PROBLEM TO WORK ON: Using the line with "годом! Команда Biocard!" as your starting point, transcribe it and each line beneath it word for word until the records run out, without pictures.

::: RECORD SET :::

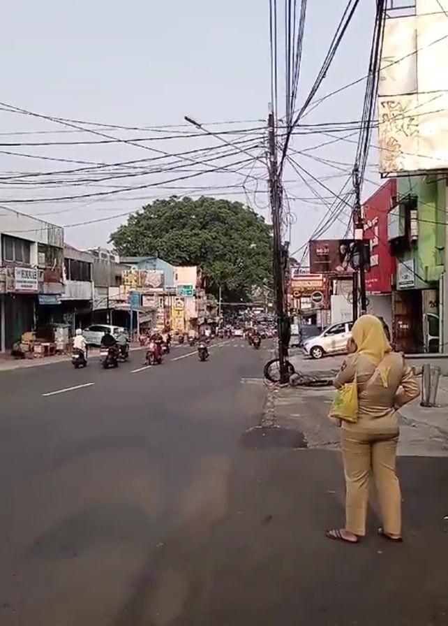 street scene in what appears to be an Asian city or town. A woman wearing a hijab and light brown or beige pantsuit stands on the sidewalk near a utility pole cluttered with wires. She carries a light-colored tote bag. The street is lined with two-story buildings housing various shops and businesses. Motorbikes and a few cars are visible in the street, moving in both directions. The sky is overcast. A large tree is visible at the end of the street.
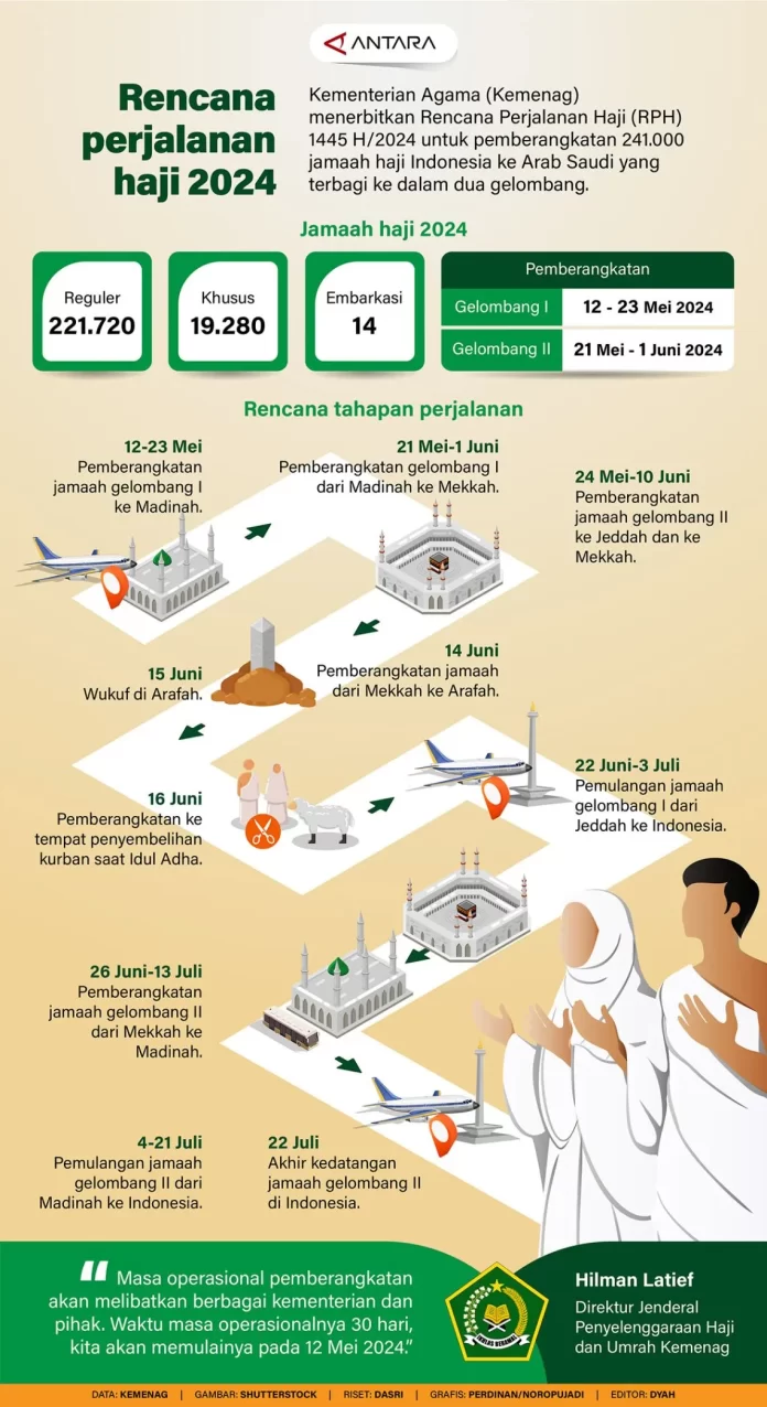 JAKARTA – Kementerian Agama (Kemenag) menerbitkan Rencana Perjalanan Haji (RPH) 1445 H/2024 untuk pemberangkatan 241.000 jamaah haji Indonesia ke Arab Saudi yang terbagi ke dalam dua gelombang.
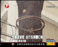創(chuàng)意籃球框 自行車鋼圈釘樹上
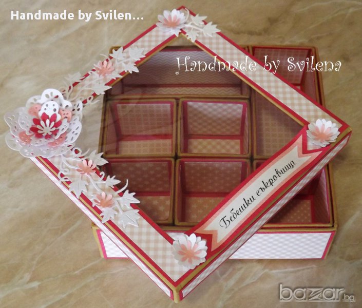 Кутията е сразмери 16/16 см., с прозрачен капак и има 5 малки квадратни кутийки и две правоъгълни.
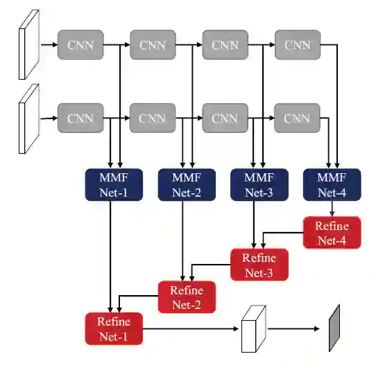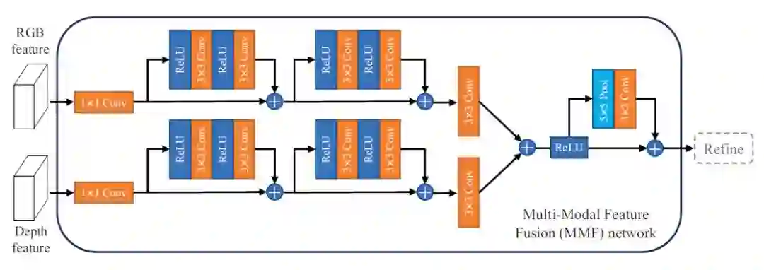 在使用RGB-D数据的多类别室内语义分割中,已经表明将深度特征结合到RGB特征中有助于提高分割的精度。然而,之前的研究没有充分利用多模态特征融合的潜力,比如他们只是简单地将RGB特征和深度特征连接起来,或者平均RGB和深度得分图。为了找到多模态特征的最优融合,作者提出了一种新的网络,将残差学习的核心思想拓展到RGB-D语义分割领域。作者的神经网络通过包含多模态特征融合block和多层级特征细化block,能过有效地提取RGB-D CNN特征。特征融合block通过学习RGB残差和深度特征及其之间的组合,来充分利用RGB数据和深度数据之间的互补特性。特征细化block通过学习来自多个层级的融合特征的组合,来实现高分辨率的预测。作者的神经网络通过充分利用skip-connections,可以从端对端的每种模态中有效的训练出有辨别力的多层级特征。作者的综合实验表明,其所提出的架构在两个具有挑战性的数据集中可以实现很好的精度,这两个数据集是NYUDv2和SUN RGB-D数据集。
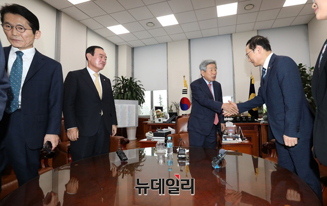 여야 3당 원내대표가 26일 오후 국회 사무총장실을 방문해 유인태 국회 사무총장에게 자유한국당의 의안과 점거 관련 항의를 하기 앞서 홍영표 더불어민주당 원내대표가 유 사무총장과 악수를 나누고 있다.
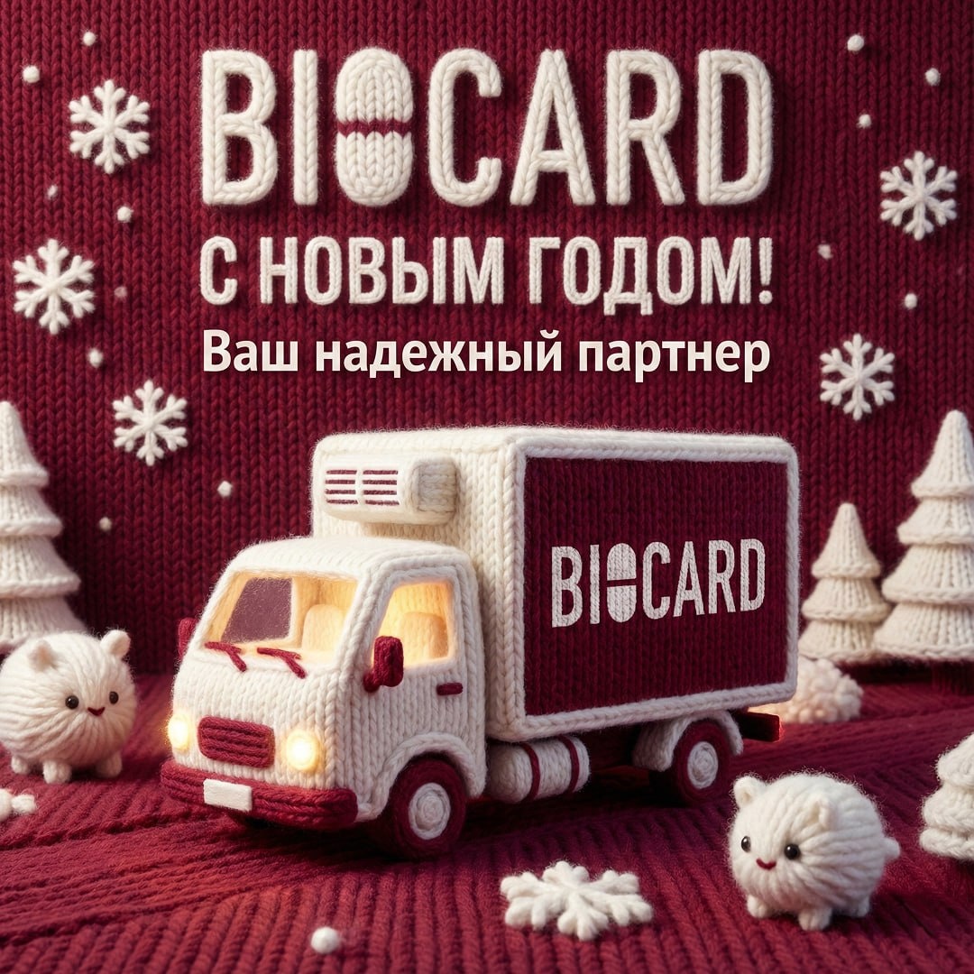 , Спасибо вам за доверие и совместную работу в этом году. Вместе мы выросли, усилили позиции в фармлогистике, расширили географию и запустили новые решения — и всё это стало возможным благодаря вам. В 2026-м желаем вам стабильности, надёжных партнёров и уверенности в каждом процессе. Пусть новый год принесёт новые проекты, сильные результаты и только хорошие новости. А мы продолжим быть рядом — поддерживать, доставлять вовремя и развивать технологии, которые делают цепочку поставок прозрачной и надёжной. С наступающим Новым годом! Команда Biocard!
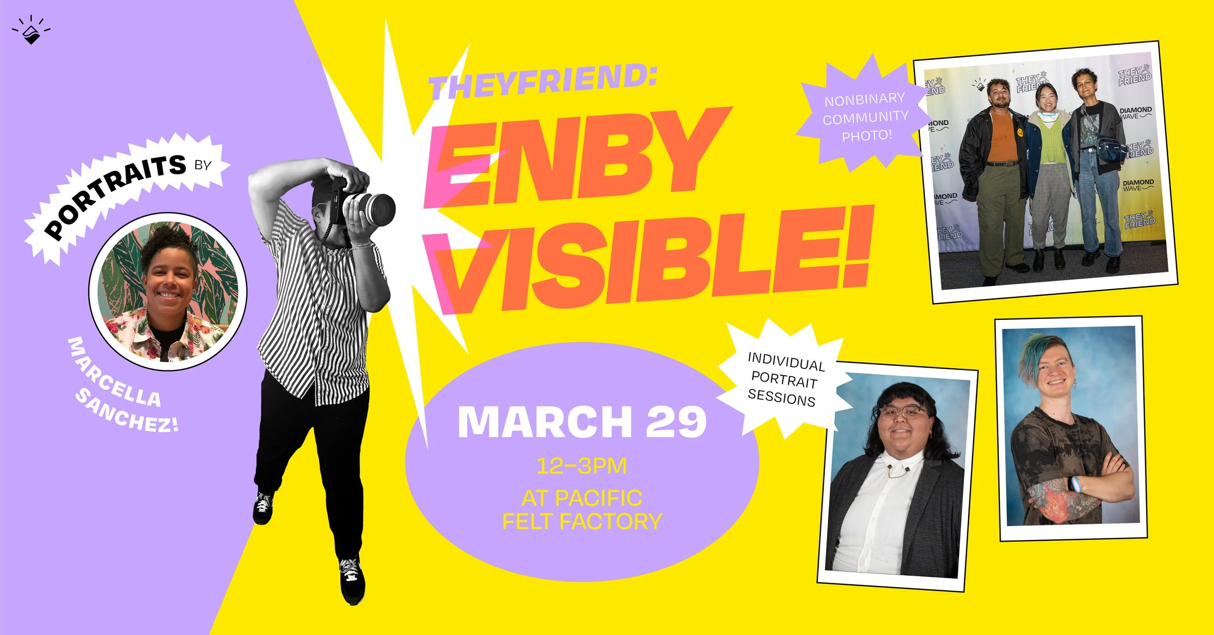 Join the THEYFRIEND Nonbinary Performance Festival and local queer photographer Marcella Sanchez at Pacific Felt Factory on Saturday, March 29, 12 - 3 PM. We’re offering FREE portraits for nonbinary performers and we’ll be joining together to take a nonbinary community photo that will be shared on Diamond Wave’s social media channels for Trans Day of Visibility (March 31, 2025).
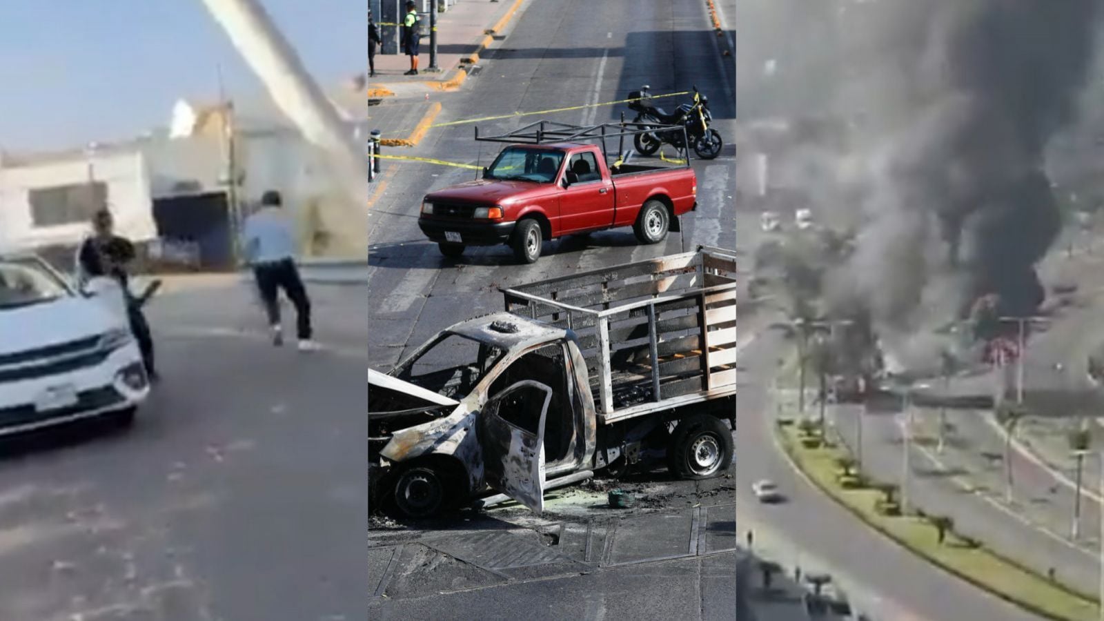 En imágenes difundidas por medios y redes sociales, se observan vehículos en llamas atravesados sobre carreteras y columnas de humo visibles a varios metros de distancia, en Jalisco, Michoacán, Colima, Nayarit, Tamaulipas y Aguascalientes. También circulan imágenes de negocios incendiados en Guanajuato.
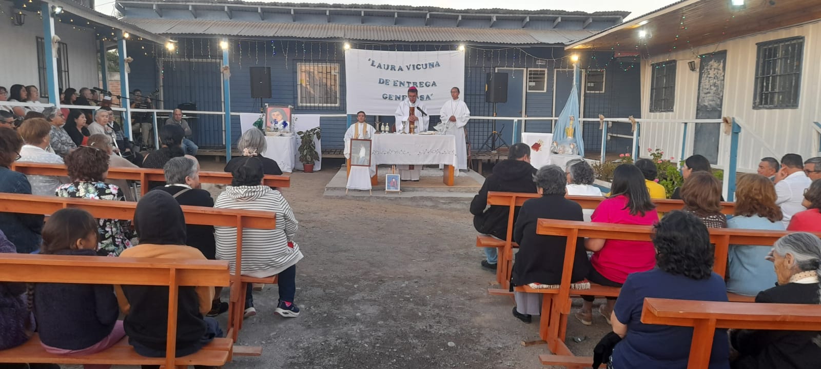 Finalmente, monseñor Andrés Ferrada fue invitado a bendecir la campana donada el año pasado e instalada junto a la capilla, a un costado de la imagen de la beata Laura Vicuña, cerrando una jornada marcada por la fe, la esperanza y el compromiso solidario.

:::

REPLY TO THE EXERCISE:
 , Спасибо вам за доверие и совместную работу в этом году. Вместе мы выросли, усилили позиции в фармлогистике, расширили географию и запустили новые решения — и всё это стало возможным благодаря вам. В 2026-м желаем вам стабильности, надёжных партнёров и уверенности в каждом процессе. Пусть новый год принесёт новые проекты, сильные результаты и только хорошие новости. А мы продолжим быть рядом — поддерживать, доставлять вовремя и развивать технологии, которые делают цепочку поставок прозрачной и надёжной. С наступающим Новым годом! Команда Biocard!
 Join the THEYFRIEND Nonbinary Performance Festival and local queer photographer Marcella Sanchez at Pacific Felt Factory on Saturday, March 29, 12 - 3 PM. We’re offering FREE portraits for nonbinary performers and we’ll be joining together to take a nonbinary community photo that will be shared on Diamond Wave’s social media channels for Trans Day of Visibility (March 31, 2025).
 En imágenes difundidas por medios y redes sociales, se observan vehículos en llamas atravesados sobre carreteras y columnas de humo visibles a varios metros de distancia, en Jalisco, Michoacán, Colima, Nayarit, Tamaulipas y Aguascalientes. También circulan imágenes de negocios incendiados en Guanajuato.
 Finalmente, monseñor Andrés Ferrada fue invitado a bendecir la campana donada el año pasado e instalada junto a la capilla, a un costado de la imagen de la beata Laura Vicuña, cerrando una jornada marcada por la fe, la esperanza y el compromiso solidario.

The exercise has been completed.